我々は、透析膜の再使用をお勧めしません。何故なら、使用に伴い成分コンタミが生じたり、透析条件(pH、温度、化学成分との接触等)が膜の完全性に影響を与える可能性があるからです。特にクローザーを外したり、再度取り付けたりする際、リークの原因をつくる心配があります。透析膜は、使い捨て製品として設計されています。

Q14:
膜孔径表示の精度はどのくらいですか?また、MWCOとは何ですか?

透析膜は、スポンジ状の多孔構造をしているので、間接的に孔径を求める必要があります。膜の「MWCO」は、溶解成分の透過阻止特性によって表されます。MWCOは、17時間の透析処理において90%以上残存する成分の分子量によって表しています。従って、精製しようとする成分より少し小さいMWCO値の膜を選ぶ必要があります。

Q15:
Spectra/Por 2と4透析膜の違いは何ですか?

Spectra/Por 2, 4ともにMWCO 12-14 kDの膜です。Spectra/Por 4は、通常の透析により適していまが、Spectra/Por 2は特に高い透過性能を持っており、他の品目より細いチューブを用意しています。すなわちSpectra/Por 2は、Spectra/Por 4より高い水透過性能を持っているのです。

Q16:
膜表面積とサンプル量に関して、「親指の法則」はあてはまるのでしょうか?

処理液量あたりの表面積は、チューブの平面幅に依存しています。もし、同じ長さで、異なる平面幅の透析チューブがあるとすると、細いチューブの方が、液量あたり広い表面積を持ち、より速やかに透析が進みますが、太いチューブは、液あたりの表面積が狭く透析速度も遅くなります。平面幅の小さいチューブは、液拡散に関わる距離が短く、細孔を通過する溶質の「競合」が少ないのです。平面幅の大きいチューブは、膜に至る距離が長くなり、細孔を通過する際の溶質の競合が多くなります。一般論として、「液あたり表面積」が大きくなるほど、透析速度は速くなります。

Q17:
膜の両側の液の浸透圧が等しくて、しかし濃度は異なるという場合、透析はうまく進みますか?

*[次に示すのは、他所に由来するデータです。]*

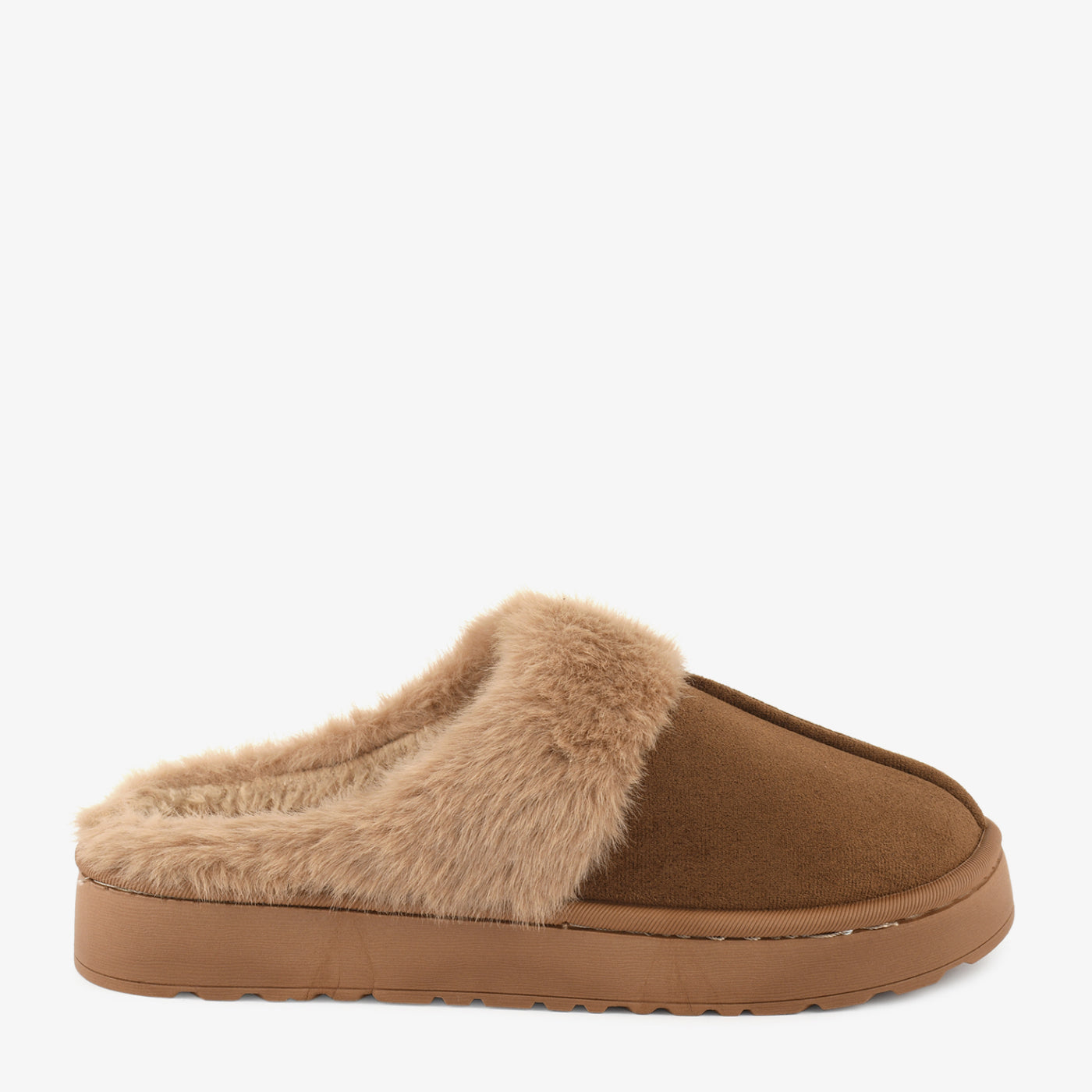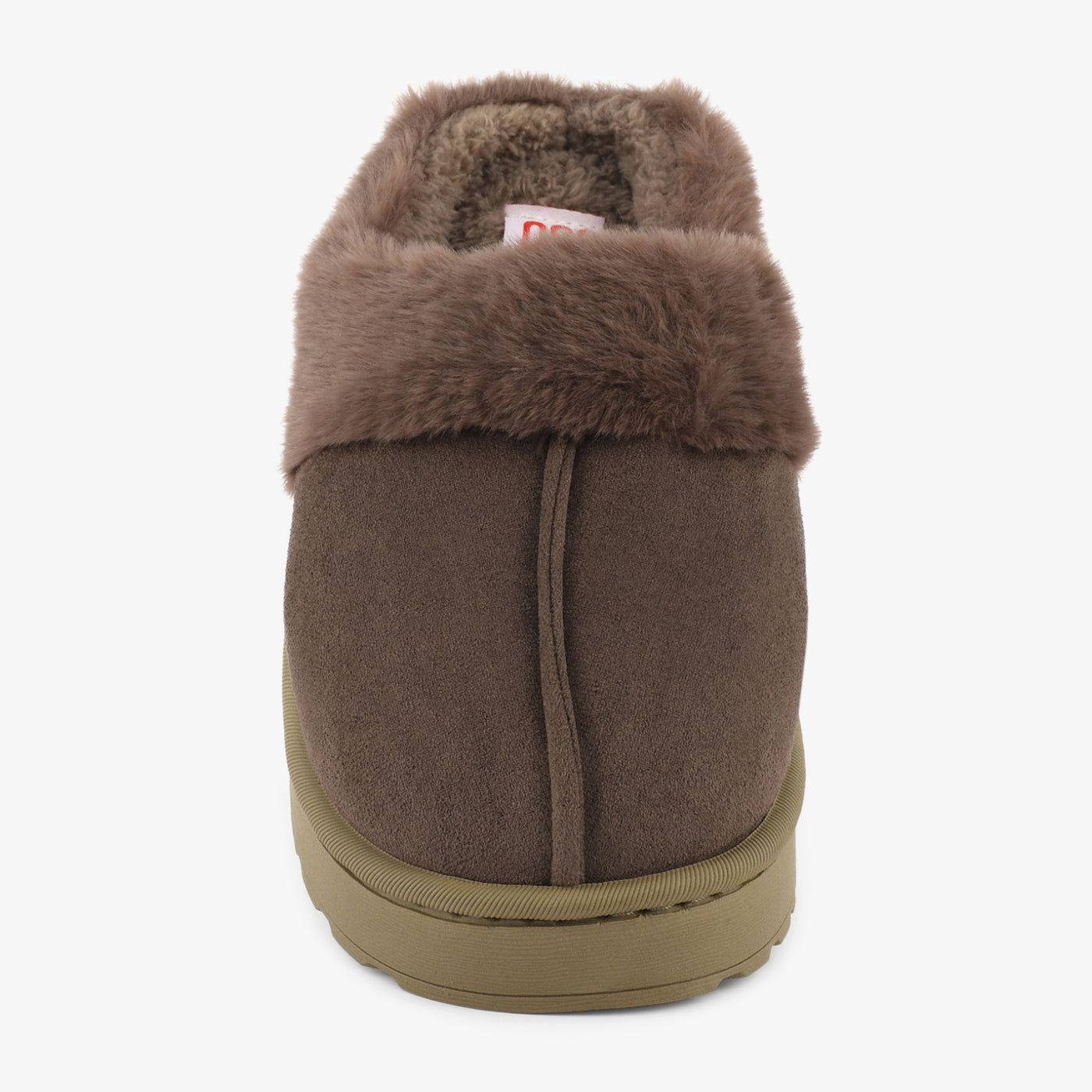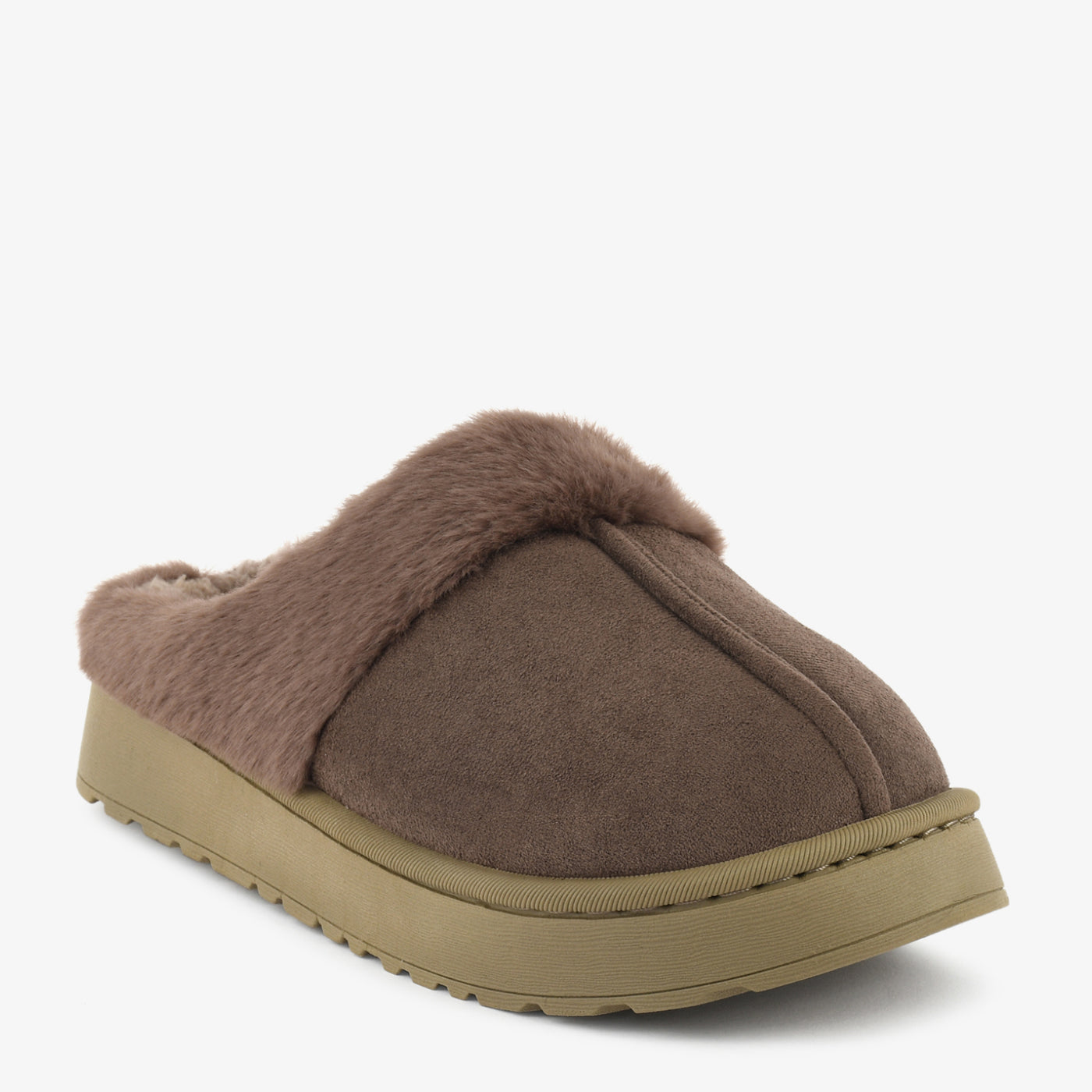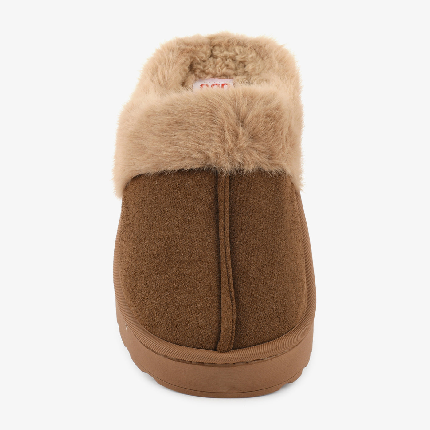 A soft, warm mule perfect for chilly days. The faux fur lining keeps your feet snug, while the roomy rounded front offers comfort and warmth. Thick cushioned sole supports all-day...
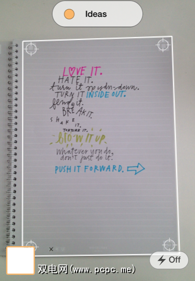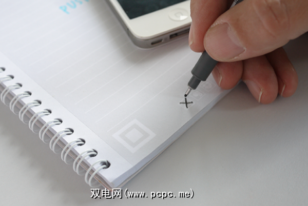 您可以像在传统的衬纸上一样在特种纸上书写,完成后,您可以启动应用程序并将屏幕与纸张对齐;它将自动扫描并捕获您的笔记。您甚至不必单击iPhone的“主页"按钮即可激活快门。

通常透析は、膜を介した浸透圧差のない状態で行われます。透析は、膜内外の濃度勾配によって行れます。もし、浸透圧に大きな差があれば、水が膜を介して移動します。水が過剰に移動すると、水の移動した先のチューブが破損したり、崩壊したりします。

Q18:
透析膜を限外ろ過に使用した場合、どの程度の圧力に耐えられますか?

透析膜は、加圧ろ過用には設計されていません。膜のMWCOに影響を与えることのない最大許容圧力は、1.5 psi (約0.1気圧)です。

Q19:
一般にどんな透析液(バッファー)が使用されますか?

バイオ成分分子は、その特性を安定に保つために厳密なpH管理が必要です。一般的透析バッファーのpHは、6~8です。生化学分野でよく使われる溶液(バッファー)には、下記のようなものがあります。

  • PBS:生理塩濃度リン酸バッファー
  • TBS:生理塩濃度トリスバッファー
  • HEPES
  • アミノ酸バッファー
Q20:
なぜダルトン(MW)のかわりにミクロンを使用するのですか?分子量への換算はどうすれば良いですか?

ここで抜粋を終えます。